2.2. Training Detail

We downsampled the images while training our model to speed up the training process. For the Korean dataset (Rapiscan, Astrophysics, and Smith), we resized the original image from size 1680 × 1050 to 640 × 480, which is approximately the original image’s aspect ratio. Considering the images’ original size is not fixed and has random aspect ratios for SIXray and COMPASS-XP, we resized the images to a fixed size of 416 × 416. Furthermore, we used the exact sizes for the training while testing.

2.3. Loss Function

The loss function in our training is a combination of the mean absolute error (MAE) and the mean squared error (MSE), given as

L o s s = \frac{1}{N} \sum_{i = 0}^{N} (| y - \hat{y} | + {(y - \hat{y})}^{2})

(1)

where N represents the total number of pixels in the image,

y

is the ground truth pixel value, and

\hat{y}

is the predict pixel value. This loss is inspired by Elastic net [34]. It has been found empirically that this loss is better than each separately for training. Additionally, both MAE and MSE have disadvantages. Training with MAE loss is slow as the training error values are relatively significant, making it difficult for the model to reduce rapidly. Moreover, MSE is so sensitive to outliers that it usually produces under-fitting. Therefore, the combination has a trade-off between the training speed and excellent fitting.

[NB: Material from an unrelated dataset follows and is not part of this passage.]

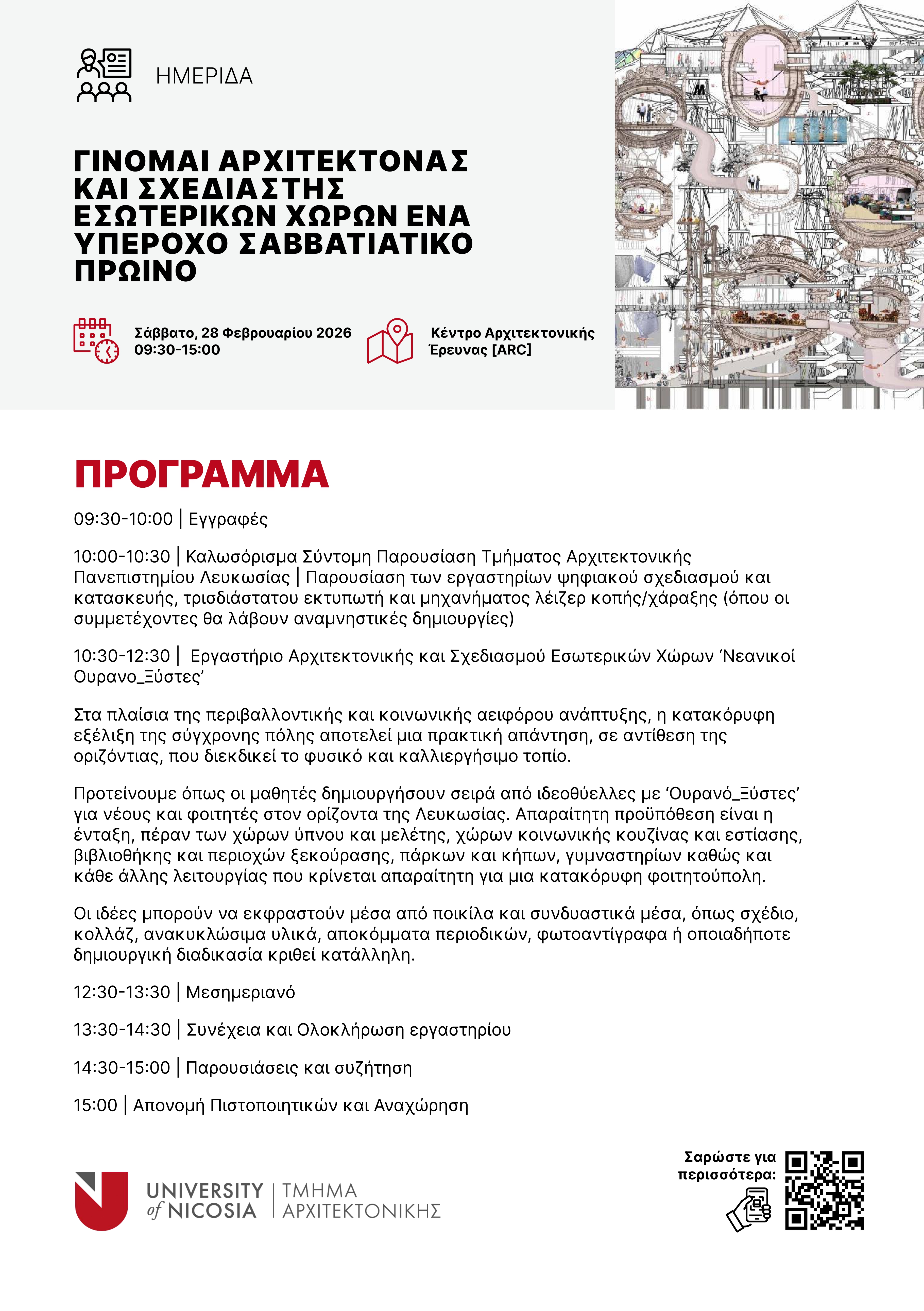 Η συγκεκριμένη Ημερίδα θα πραγματοποιηθεί το Σάββατο, 28 Φεβρουαρίου 2026 από 09:30 – 15:00 στο Κέντρο Αρχιτεκτονικής Ερευνάς (ARC).

3. Experiment Preparation and Benchmarks

We measured the accuracy of material discrimination based on the capability of colorization and recognition of different materials in the grayscale image generated by the X-ray scanner. Furthermore, we implemented our proposed model using Tensorflow and Keras libraries. Our training processes were performed on a desktop computer with an intel i7-9700 processor, 32 GB of RAM, and an Nvidia TITAN RTX graphics processing unit.

For training, we used Korean dataset (X-ray images from three scanners), SIXray, and COMPASS-XP.

The Korean Dataset [35] comprises X-ray images of 35 different items of dangerous materials captured from three kinds of scanners: Rapiscan, Astrophysics, and Smith. For each scanner, the data were scanned using four strategies, and each is collected in a file as below.

Single default: This data represented one sample of the relevant item without selecting any item other than the relevant item. The item was scanned from multiple angles. This set represents 15% of the total data of the target image, which were generated considering various angles of the item and entry directions of the luggage.

Single other: This data contained a relevant item generated from different angles and general non-dangerous items (clothes, cables, charger, pen, glasses, etc.) other than the sample. This set represented 15% of the total data of the target image generated while considering the longitudinal direction.

Multiple Categories: This data represented one sample of the relevant item with other dangerous items representing the largest share of the dataset, i.e., 40% of the data, by generating simultaneous images with other samples of the same item. For example, if the target item is a gun, we can find other sharp tools or hazardous items in the same image.

Multiple Other: This data represented multiple samples of the relevant item and general non-dangerous items, representing 30% of the data.

All four types of data were generated by inserting the items into bags, backpacks, suitcases, and baskets. For training we used 75,525 images from multiple categories and single default, for validation we used 11,700 images from multiple others and single.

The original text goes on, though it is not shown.